Building extraction from remote sensing imagery using SegFormer with post-processing optimization

Traditional methods for building extraction from remote sensing images rely on feature classification techniques, which often suffer from high usage thresholds, cumbersome data processing, slow recognition speeds, and poor adaptability. With the rapid advancement of artificial intelligence, particularly machine learning and deep learning, significant progress has been achieved in the intelligent extraction of remote sensing images. Building extraction plays a crucial role in geographic information applications, such as urban planning, resource management, and ecological protection.

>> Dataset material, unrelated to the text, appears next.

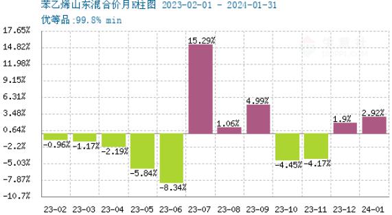 2023年苯乙烯价格总体呈现“震荡下跌-上涨-震荡回落”的走势,从生意社月K柱图来看,2023年苯乙烯价格下跌月份数多于上涨月份数,其中7月上行幅度最大,达到15.29%,6月下行幅度最大,达到8.34%。

This study proposes an efficient and accurate building extraction method based on the SegFormer model, a state-of-the-art Transformer-based architecture for semantic segmentation. The workflow includes data preparation, model construction, model deployment, and application. The SegFormer model is selected for its hierarchical Transformer encoder and lightweight MLP decoder, which enable high-precision binary classification of buildings in remote sensing images. Additionally, post-processing techniques, such as noise filtering, boundary cleanup, and building regularization, are applied to refine the inference results, significantly improving both the visual presentation and accuracy of the extracted buildings. Experimental validation is conducted using the publicly available WHU building dataset, demonstrating the effectiveness of the proposed method in urban, rural, and mountainous areas. The results show that the SegFormer model achieves high accuracy, with the MiT-B5 backbone network reaching 94.13% Intersection over Union (IoU) after 100 training epochs. The study highlights the robustness and scalability of the method, providing a solid technical foundation for remote sensing image analysis and practical applications in geographic information systems.